EXERCISE OBJECTIVE >> Your answer must be an exact copy of the data, without any pictures.
╭─ WORKING DATA
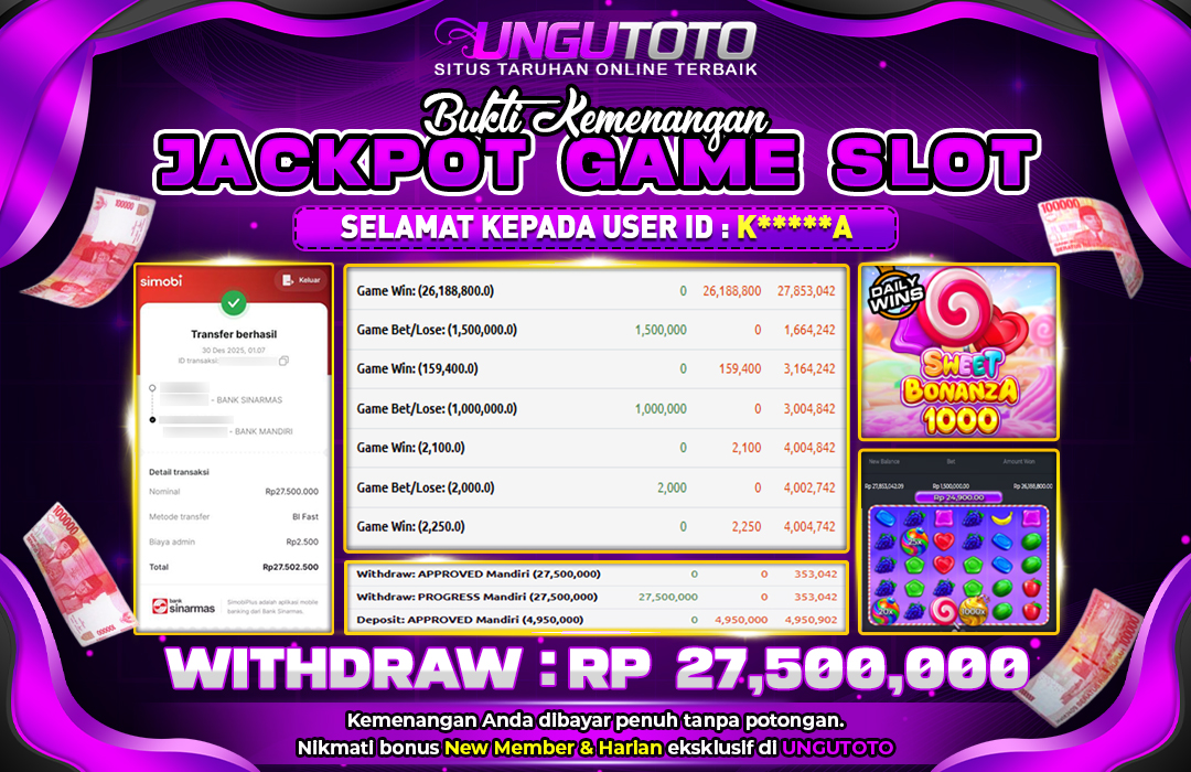 UNGUTOTO JACKPOT Sweet Bonanza 1000 Rp.27.500.000 LUNAS
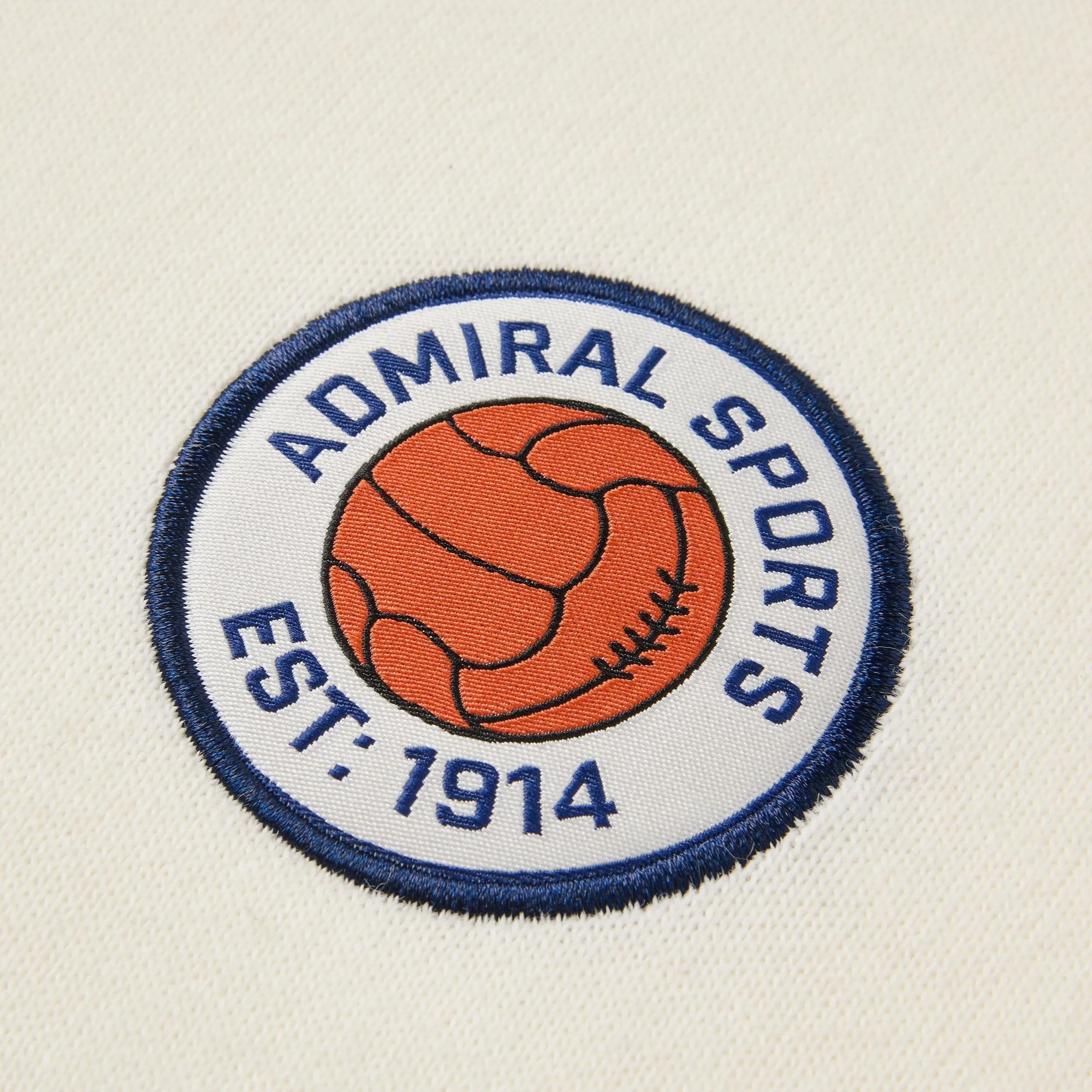 On the chest, the jersey features a woven Admiral logo alongside a circular Admiral Sports crest with “EST. 1914” detailing, nodding to the brand’s history. Centrally placed, the stitched “ADMIRAL 1914” graphic adds further emphasis to the archival theme, presented in a raised embroidered finish.
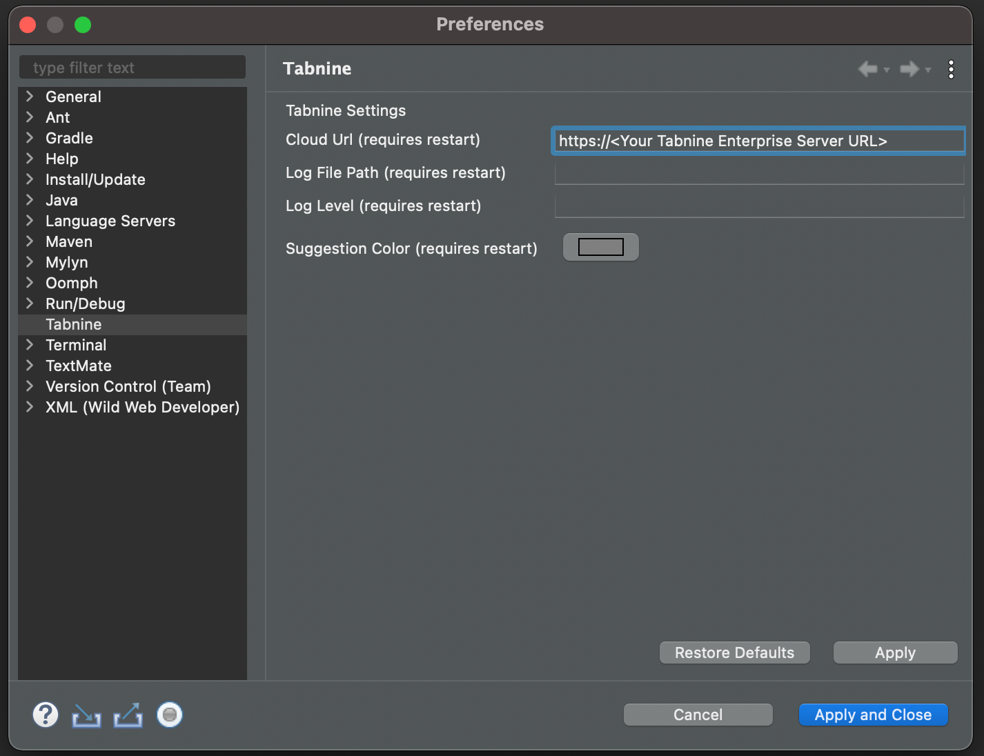 3. Set your Tabnine Enterprise Server URL to \[https\://{YOUR TABNINE SERVER URL}], click <mark style="background-color:blue;">**Apply and Close**</mark>**,** and restart your IDE:
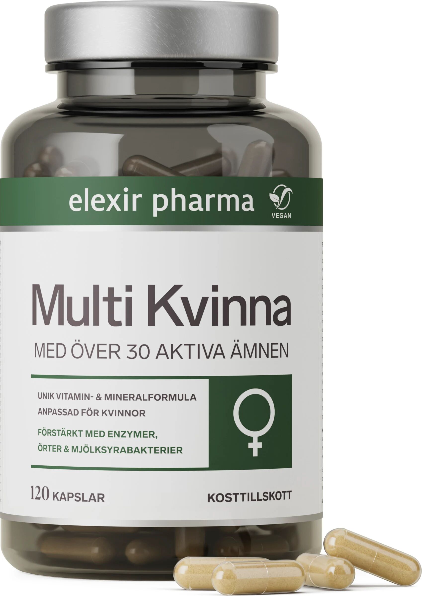 Utöver vitaminer och mineraler innehåller kosttillskottet bland annat matsmältningsenzymer, tranbärsextrakt och schisandra. OBS, inte för gravida kvinnor.
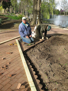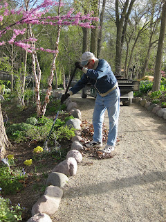 verything down but we've learned some hard lessons in the past. To the right is Del tidying up in the woodland walk garden. With the plants filling in so quickly, we're accelerating our clean-up and mulching schedule as well! Dennis and Stan did a nice job composting two good sized garden beds along Palmer Drive. Dick H. ran some debris to the dump and was helping Larry with some projects as well. To the left are Jim (in blue) and Dave T., who (along with Bob A.) were installing new timber edging around the gazebo garden beds. The end result looked great and offers some nice crisp definition to that area. The previous edging was rotted and in need of this total replacement. The guys have plenty of projects on the near (and far)
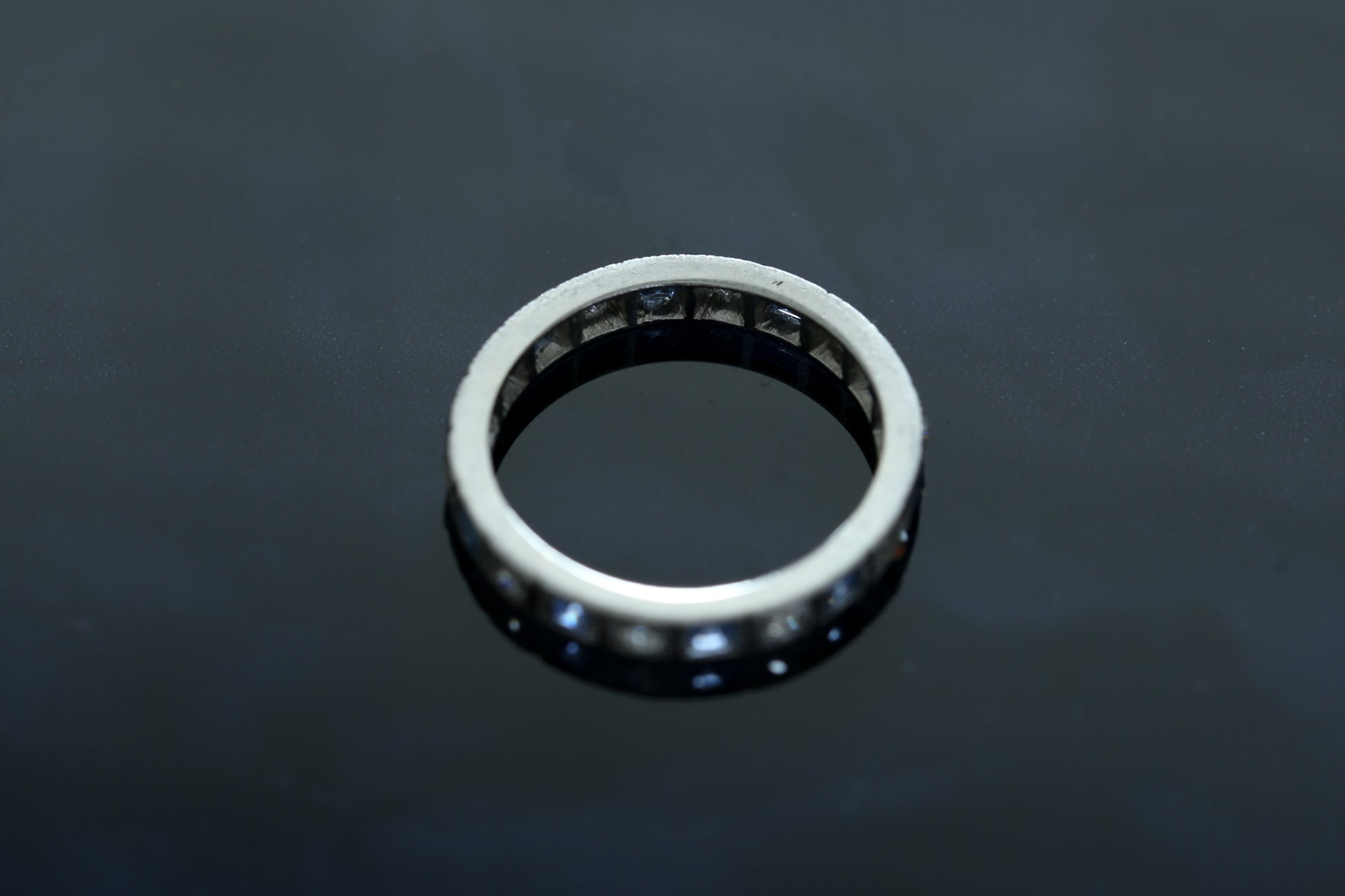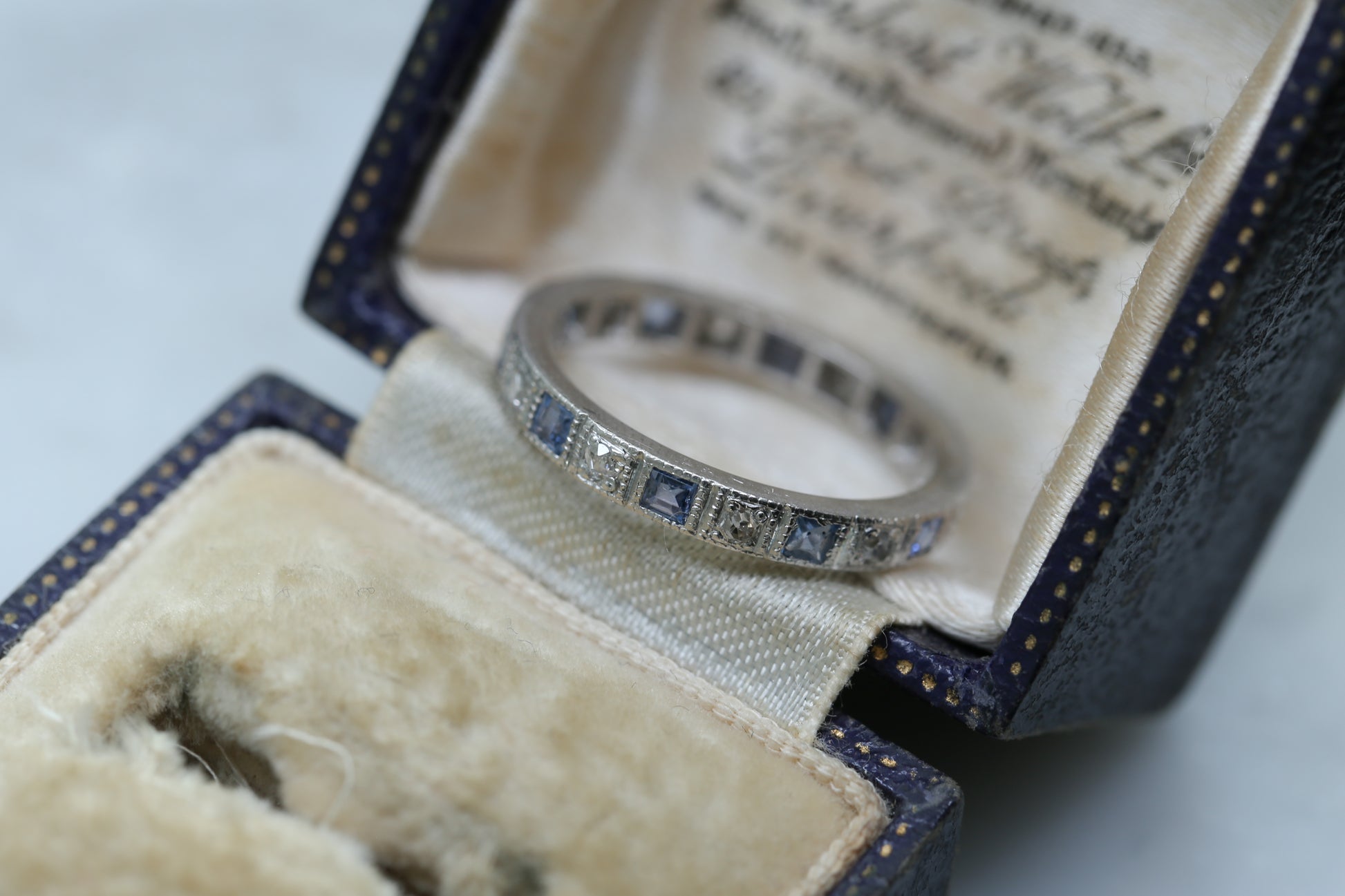 サファイアとダイヤモンドのフルエタニティリング。アールデコ期から20世紀半ば頃に作られたものと推測されます。ミルグレインがクラシカルな雰囲気のリングで、とても人気のデザインです。サファイアはライトからミディアムブルーで繊細な輝きを放っています。ダイヤモンドはトータルで0.1ct程ですが、こちらもしっかりと輝いています。地金はシルバー色で、刻印はありませんが簡易金属テストの結果はプラチナでした。所々ヴィンテージらしい小さな傷や欠け等があり、前の持ち主がとても気に入っていたことがわかる使用感です。凹凸の少ないデザインなので、日常で身に着けやすいリングだと思います。今回刻印がなく、地金の種類が推定であるため、通常よりもかなりお手頃な価格で販売することができました。ヴィンテージやアンティークのフルエタニティリングがお好きな方におすすめしたいリングです。
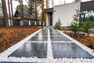 Ухоженная территория закрыта высоким забором с подсветкой.На участке под грунтом уложена дренажная система и продуманная система водоотведения по участку. На бетонном основании выложена красивая брусчатка, а дорожки вокруг дома выложены из натурального гранита и гальтованного мрамора.
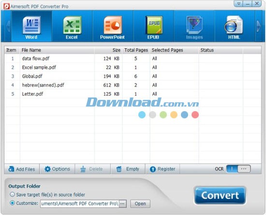 Sau khi hoàn thành các bước trên, hãy chọn định dạng đầu ra và nhấn nút Convert. Aimersoft PDF Converter Pro sẽ kích hoạt OCR và chuyển đổi file PDF được quét sang định dạng văn bản bạn đã chọn.
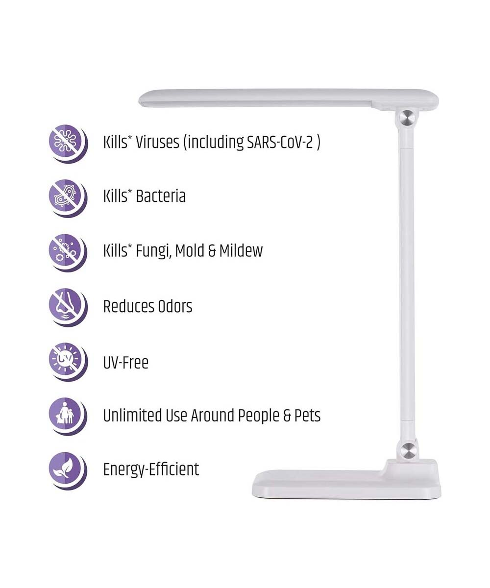 • FEATURES - Innovative desk lamp proven to kill germs illuminates while it cleans. UV-free. Shines with patented Vyv antimicrobial leds. Won't damage skin, eyes or surfaces. Proven to kill and prevent the growth of 28 different bacteria, mold, mildew, fungi, viruses. Fully adjustable lamp head tilts, pivots, folds down, wireless Qi Mobile device charging, 1-touch cleaning activation. Only antimicrobial lighting scientifically proven to kill viruses. 10 plus years lifespan, 2-year warranty. Dimmable light. Can be adjusted to different levels of brightness to create your desired ambiance.
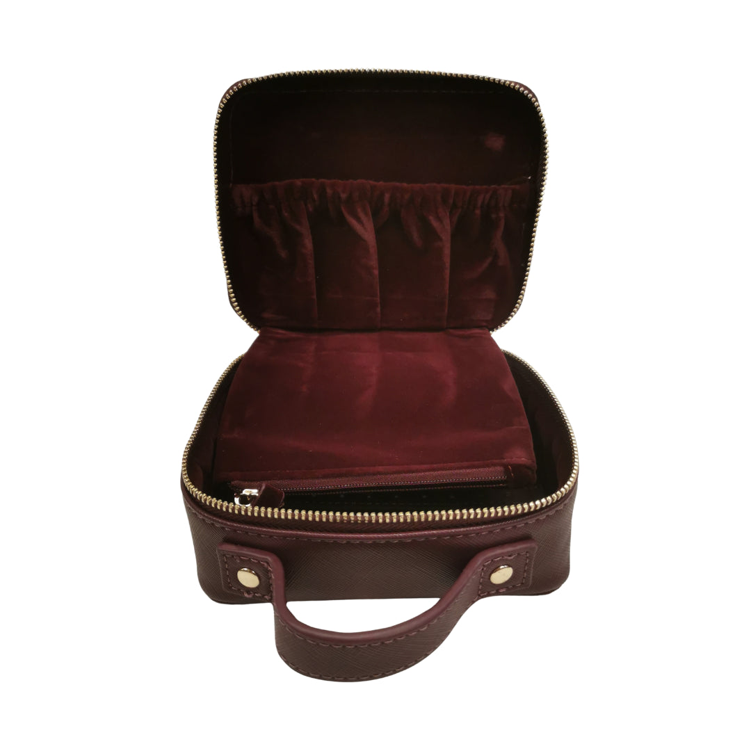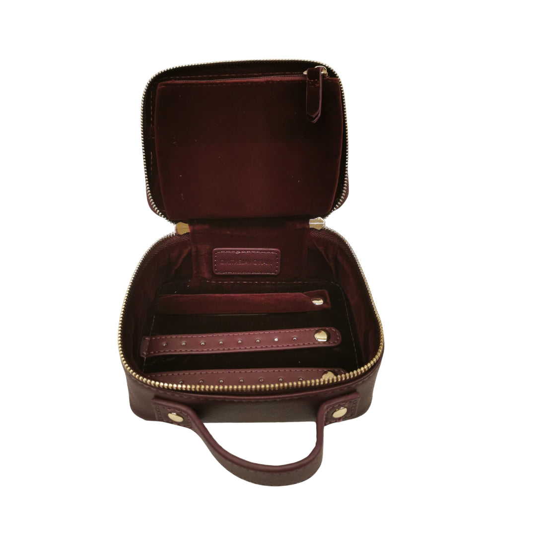 Il piccolo Porta gioie firmato Mario Valentino realizzato in ecopelle prugna, è una soluzione elegante e pratica per riporre tutti i tuoi gioielli. Il piccolo portagioie si apre con una zip presenta sui tre lati. L'interno è principalmente fatto di morbido velluto, compreso di due tasche di cui una con chiusura a zip, due cinghe per riporre collane, bracciali e spille. Sul lato superiore presenta un piccolo manico. Pratico da portare con se, in un viaggio o da tenere nella propria borsa.
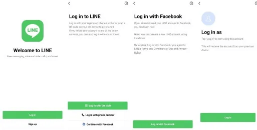 Step 1. Open LINE and click Log in > Choose to continue with your Facebook account.
╰─
RESPONSE TO THE TASK >>
 UNGUTOTO JACKPOT Sweet Bonanza 1000 Rp.27.500.000 LUNAS
 On the chest, the jersey features a woven Admiral logo alongside a circular Admiral Sports crest with “EST. 1914” detailing, nodding to the brand’s history. Centrally placed, the stitched “ADMIRAL 1914” graphic adds further emphasis to the archival theme, presented in a raised embroidered finish.
 3. Set your Tabnine Enterprise Server URL to \[https\://{YOUR TABNINE SERVER URL}], click <mark style="background-color:blue;">**Apply and Close**</mark>**,** and restart your IDE:
 Utöver vitaminer och mineraler innehåller kosttillskottet bland annat matsmältningsenzymer, tranbärsextrakt och schisandra. OBS, inte för gravida kvinnor.
 verything down but we've learned some hard lessons in the past. To the right is Del tidying up in the woodland walk garden. With the plants filling in so quickly, we're accelerating our clean-up and mulching schedule as well! Dennis and Stan did a nice job composting two good sized garden beds along Palmer Drive. Dick H. ran some debris to the dump and was helping Larry with some projects as well. To the left are Jim (in blue) and Dave T., who (along with Bob A.) were installing new timber edging around the gazebo garden beds. The end result looked great and offers some nice crisp definition to that area. The previous edging was rotted and in need of this total replacement. The guys have plenty of projects on the near (and far)
 サファイアとダイヤモンドのフルエタニティリング。アールデコ期から20世紀半ば頃に作られたものと推測されます。ミルグレインがクラシカルな雰囲気のリングで、とても人気のデザインです。サファイアはライトからミディアムブルーで繊細な輝きを放っています。ダイヤモンドはトータルで0.1ct程ですが、こちらもしっかりと輝いています。地金はシルバー色で、刻印はありませんが簡易金属テストの結果はプラチナでした。所々ヴィンテージらしい小さな傷や欠け等があり、前の持ち主がとても気に入っていたことがわかる使用感です。凹凸の少ないデザインなので、日常で身に着けやすいリングだと思います。今回刻印がなく、地金の種類が推定であるため、通常よりもかなりお手頃な価格で販売することができました。ヴィンテージやアンティークのフルエタニティリングがお好きな方におすすめしたいリングです。
 Ухоженная территория закрыта высоким забором с подсветкой.На участке под грунтом уложена дренажная система и продуманная система водоотведения по участку. На бетонном основании выложена красивая брусчатка, а дорожки вокруг дома выложены из натурального гранита и гальтованного мрамора.
 Sau khi hoàn thành các bước trên, hãy chọn định dạng đầu ra và nhấn nút Convert. Aimersoft PDF Converter Pro sẽ kích hoạt OCR và chuyển đổi file PDF được quét sang định dạng văn bản bạn đã chọn.
 • FEATURES - Innovative desk lamp proven to kill germs illuminates while it cleans. UV-free. Shines with patented Vyv antimicrobial leds. Won't damage skin, eyes or surfaces. Proven to kill and prevent the growth of 28 different bacteria, mold, mildew, fungi, viruses. Fully adjustable lamp head tilts, pivots, folds down, wireless Qi Mobile device charging, 1-touch cleaning activation. Only antimicrobial lighting scientifically proven to kill viruses. 10 plus years lifespan, 2-year warranty. Dimmable light. Can be adjusted to different levels of brightness to create your desired ambiance.
 Il piccolo Porta gioie firmato Mario Valentino realizzato in ecopelle prugna, è una soluzione elegante e pratica per riporre tutti i tuoi gioielli. Il piccolo portagioie si apre con una zip presenta sui tre lati. L'interno è principalmente fatto di morbido velluto, compreso di due tasche di cui una con chiusura a zip, due cinghe per riporre collane, bracciali e spille. Sul lato superiore presenta un piccolo manico. Pratico da portare con se, in un viaggio o da tenere nella propria borsa.
 Step 1. Open LINE and click Log in > Choose to continue with your Facebook account.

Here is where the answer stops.